By divine chance the other day, while I was at the rescue for an entirely different reason, I ran into one of her advocates (Gina). Overnight, my heart was moved from the frustration of what I can’t do- to a place that says- yes, this horse deserves a chance. Feel for others, and do what you can. I have some time, I have some limited funds, I have lots of experience with these kinds of horses. She wants to live, her pain is manageable. Candy deserves a chance to know that there are humans out there that are kind and gentle and who want to connect with her. There are humans that have her best interest in heart. What Candy has done in a matter of a few days has created a connection with me and her friend and advocate at the rescue. I believe in both of them! I just need to show up in support and immense love for both of them, even though I don’t have solutions, and can’t say what the outcome might be. I will partner with both of them offering support and help out financially where I can. Candy has begun to create her advocacy team. She must be very special to have so many each contributing in ways that they can. Hopefully she will one day respond, to the many that are holding out hope for her.
What might seem like tiny increments of progress for her viewed from a different perspective are actually huge steps. I felt honored when she approached me the first day. The next time we hung out in the pasture. I briefly got to touch her as we shared the same space. Day three of contact, she said no to brushing and haltering- but with horse cookies I was able to touch her nose, face, forehead, poll and stroke down her neck. She hangs out and has not run off- even though she could. Candy had to be convinced with a catch pen for haltering. Even after that she refused to let me attach a lead rope to the halter out in the pasture. But she will soon learn that no harm will come to her.
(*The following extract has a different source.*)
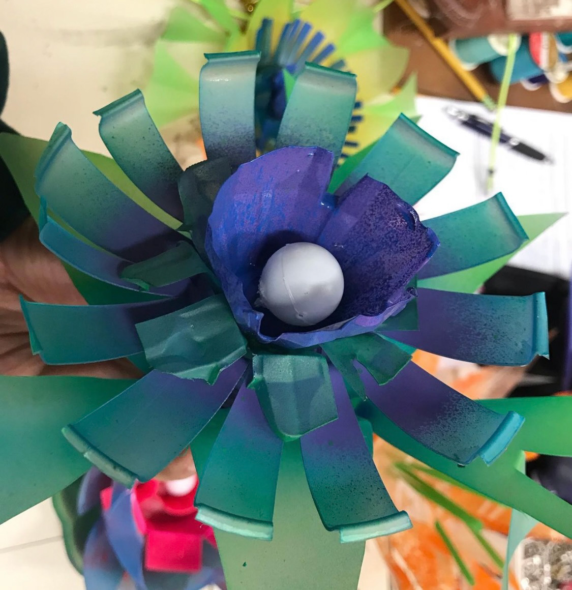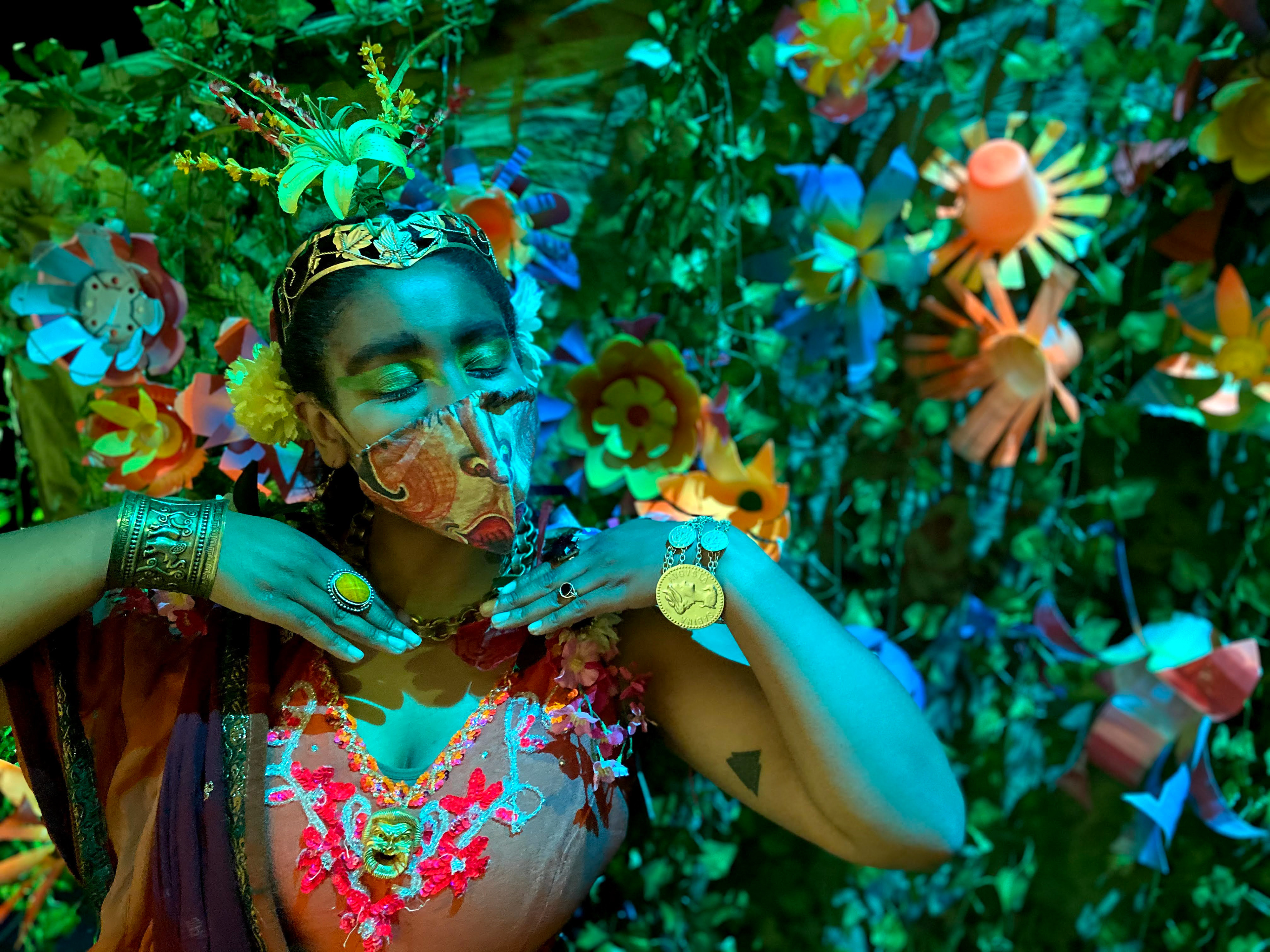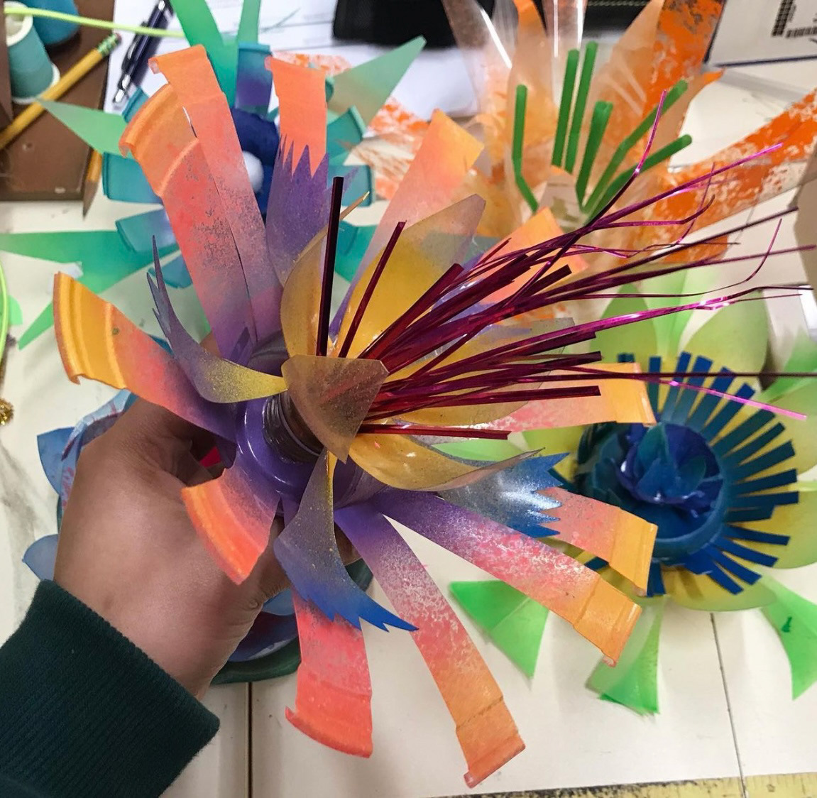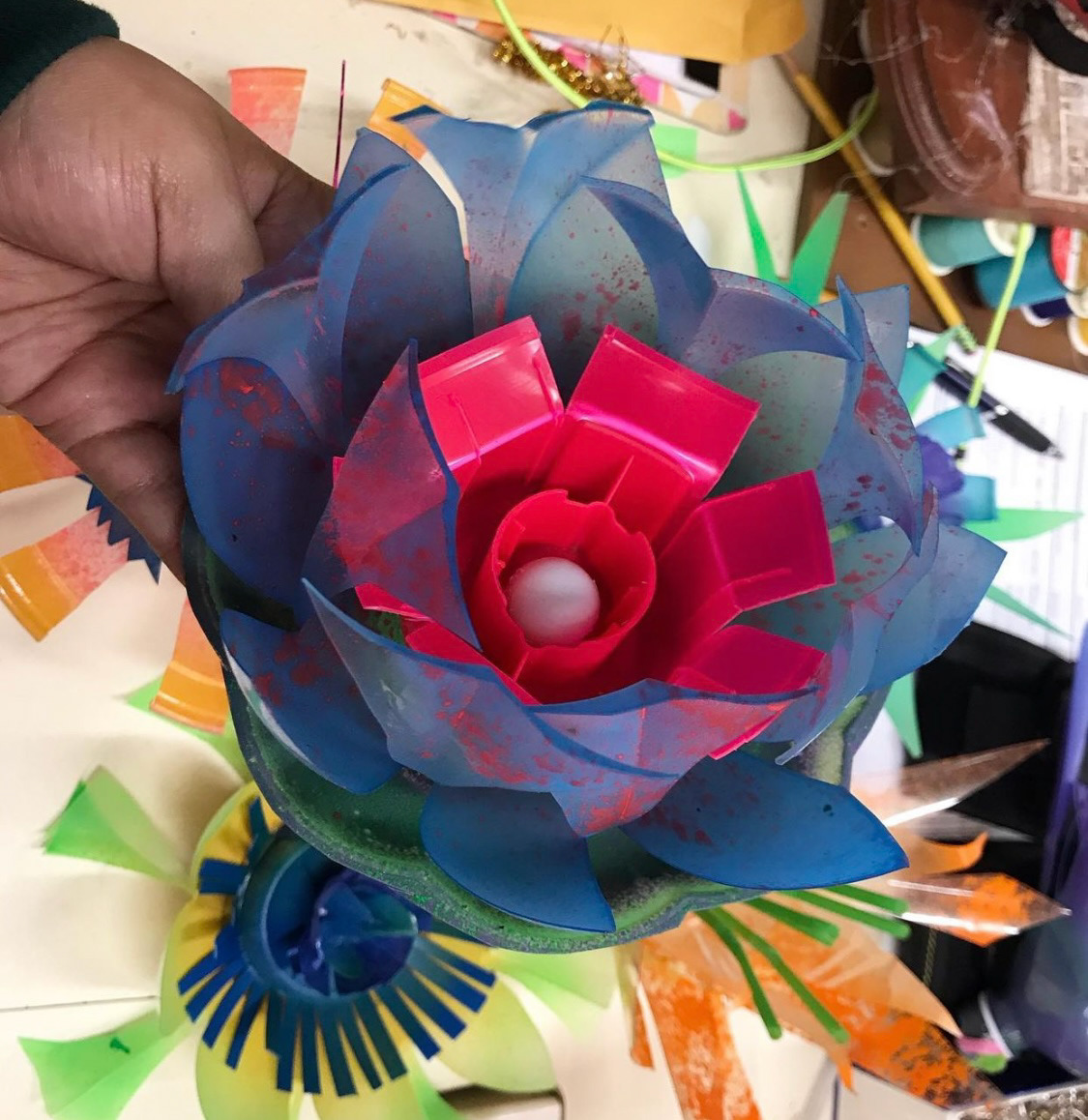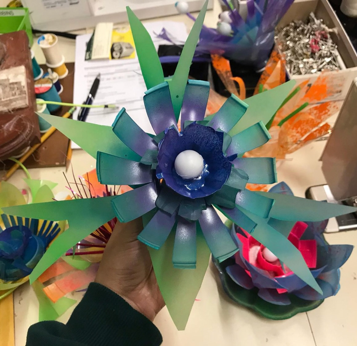 Flowers I made out of recycled plastics to enhance the production’s whimsical fantasy world

Out of the “challenge of compassion” I have committed to becoming part of her visionary team. I have been in this position in so many ways with humans and horses before. I have been given valuable gifts in these situations previously and I am so excited for Candy and the new connections being created. I am humbled and grateful that this horse is getting a second chance. It is more frustration than magic right now. Only time will tell with her.